= Doug Weston =

American nightclub owner (1926–1999)

Alexander Douglas Weston (December 13, 1926 – February 14, 1999) was an American nightclub owner, known as the owner of The Troubadour nightclub in Los Angeles which in the 1960s and 1970s was particularly responsible for promoting many successful singer-songwriters in the early stages of their careers.

==Career==
Weston founded the club as a coffee house on La Cienega Boulevard in 1957. It moved to its current location at 9081 Santa Monica Boulevard, West Hollywood in 1961 and has remained open continuously ever since. The Troubadour played an important role in the careers of Elton John, Linda Ronstadt, the Eagles, the Byrds, Joni Mitchell, James Taylor, Carole King, Bonnie Raitt, JD Souther, Jackson Browne, Van Morrison, Buffalo Springfield, Guns N' Roses, and other prominent and successful performers whose early performances at the club helped establish their future fame. Los Angeles Times music critic Robert Hilburn said that Weston was "arguably the godfather of the Southern California singer-songwriter movement in the late '60s and early '70s".

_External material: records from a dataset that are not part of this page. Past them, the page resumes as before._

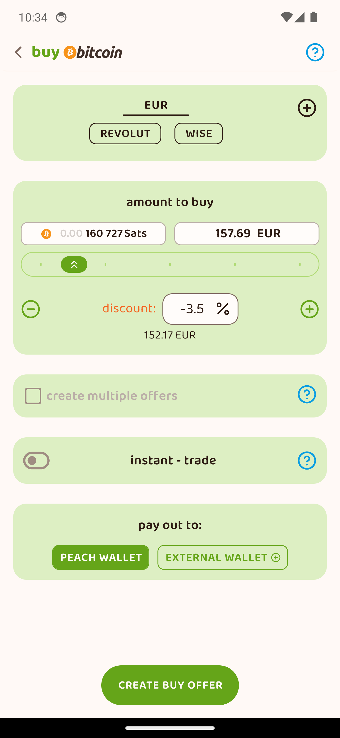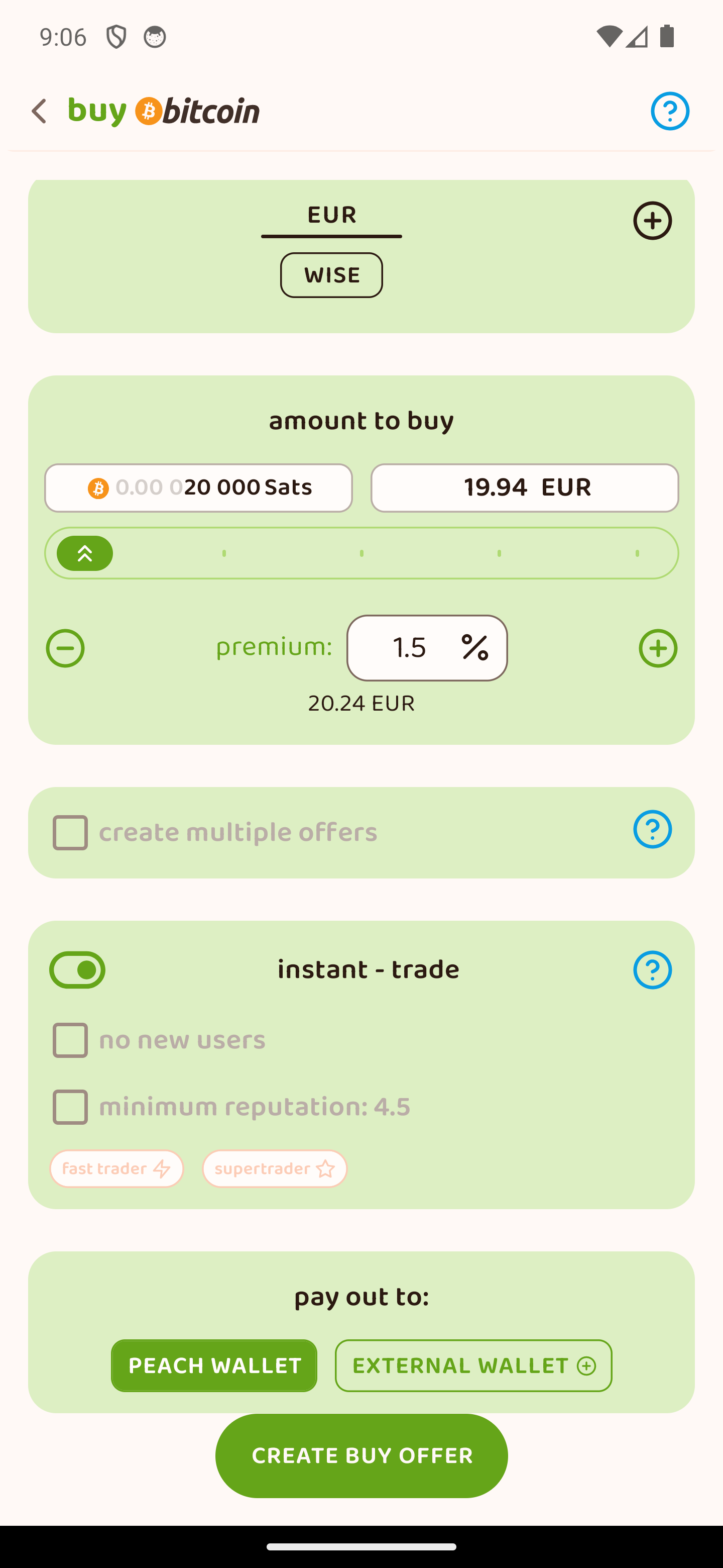 Η δημιουργία πρώτης προσφοράς αγοράς παίρνει δευτερόλεπτα. Ρύθμισε: ποσό αγοράς, αποδεκτά νομίσματα και μεθόδους πληρωμής, την τιμή που θέλεις να αγοράσεις και το πορτοφόλι πληρωμής (payout).
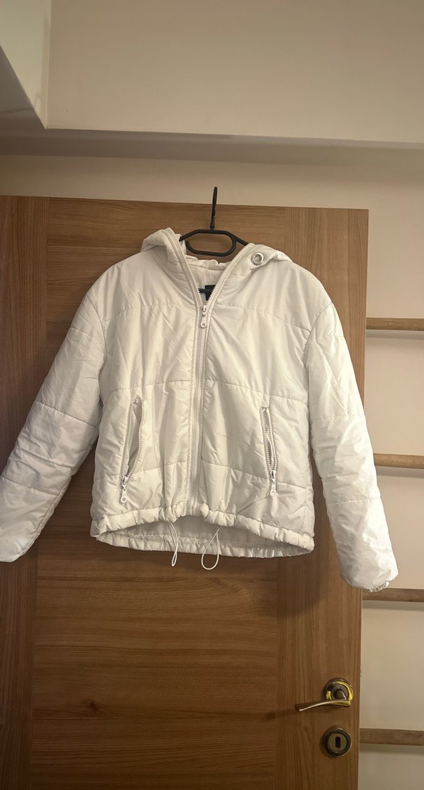 Fermuarlı önden kapanmalı, uzun kollu ve yüksek yakalı beyaz, fitted kesim mont. Yumuşak ve sıcak kumaştan, midi boyda, rahat tarzda bir parça.
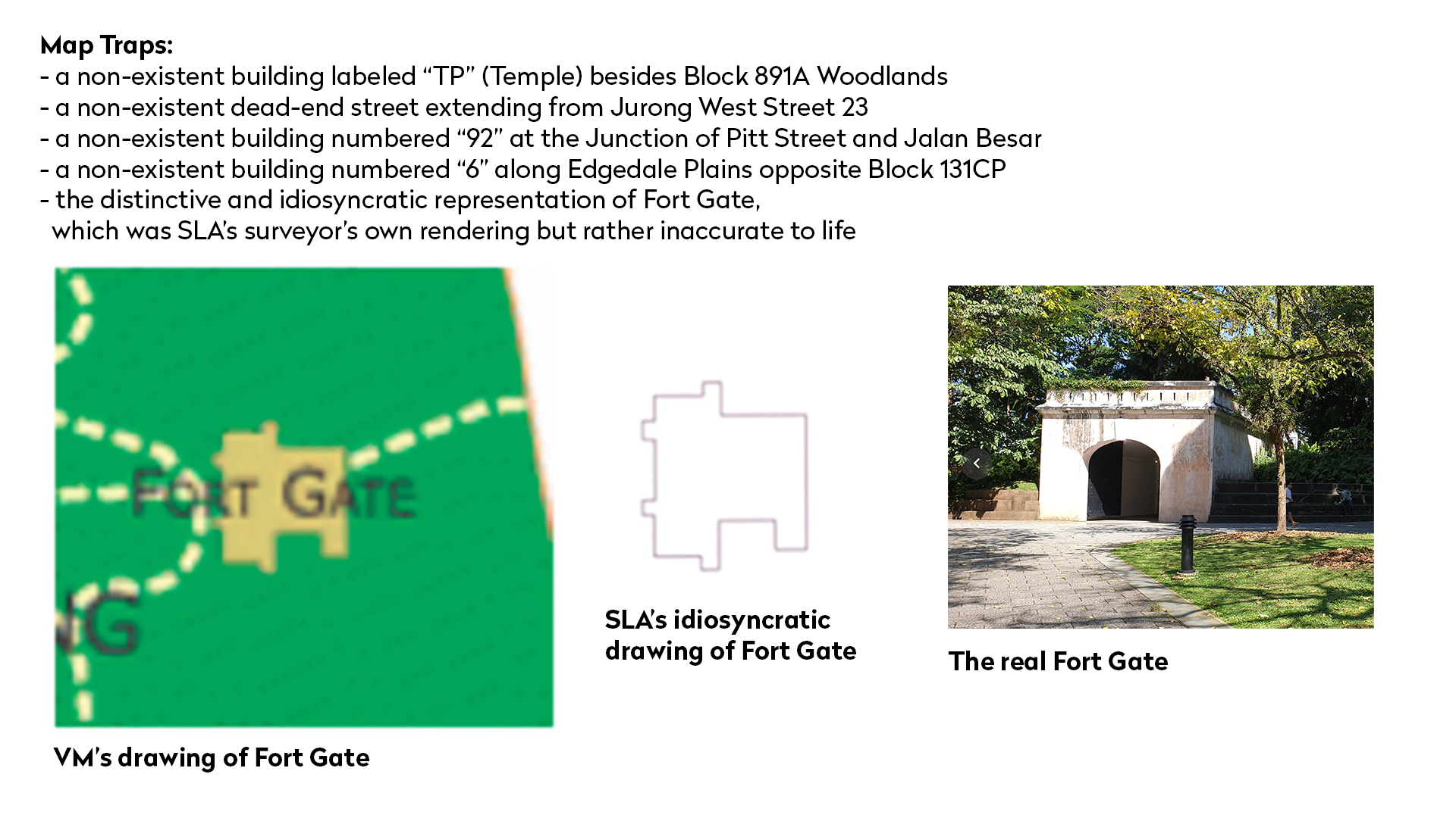In October 2006, the online mapping company Virtual Maps Pte Ltd was embroiled in a civil lawsuit with Singapore Land Authority for the copyright infringement of vector map data that was originally provided by SLA to Virtual Maps in 2004. This was proved with the SLA revealing that they had inserted some imaginary features into their maps - such as a fake temple, fake buildings, and a fictional dead-end street. It was argued that the addition of these fake features were not meant to mislead regular users of the map, but served as “fingerprints” which would help identify it to the owner of the map.

A charismatic impresario, 6'6" tall with long hair, Weston became known for the agreements he made with new artists, which stipulated that, after they became famous, they would return to the club to perform. According to Hilburn:

At first, the pop world bowed to Weston's contract provisions because of the room's proven power. But industry figures finally rebelled against the demands and his increasingly eccentric behaviour, the latter due to heavy use of alcohol and drugs.

==Later life and death==
In later years, Weston was no longer involved in running the club, but retained ownership. He died from pneumonia in a Los Angeles hospital on February 14, 1999, aged 72. A memorial was held at the Troubadour with performances and dedications from musicians as a tribute to him for his role in the success in so many entertainers' careers.

==In media==
Weston and the Troubadour feature in the 2019 Elton John biopic Rocketman with Tate Donovan playing Weston. Weston and the Troubadour are also featured in the 2020 David Mitchell novel Utopia Avenue.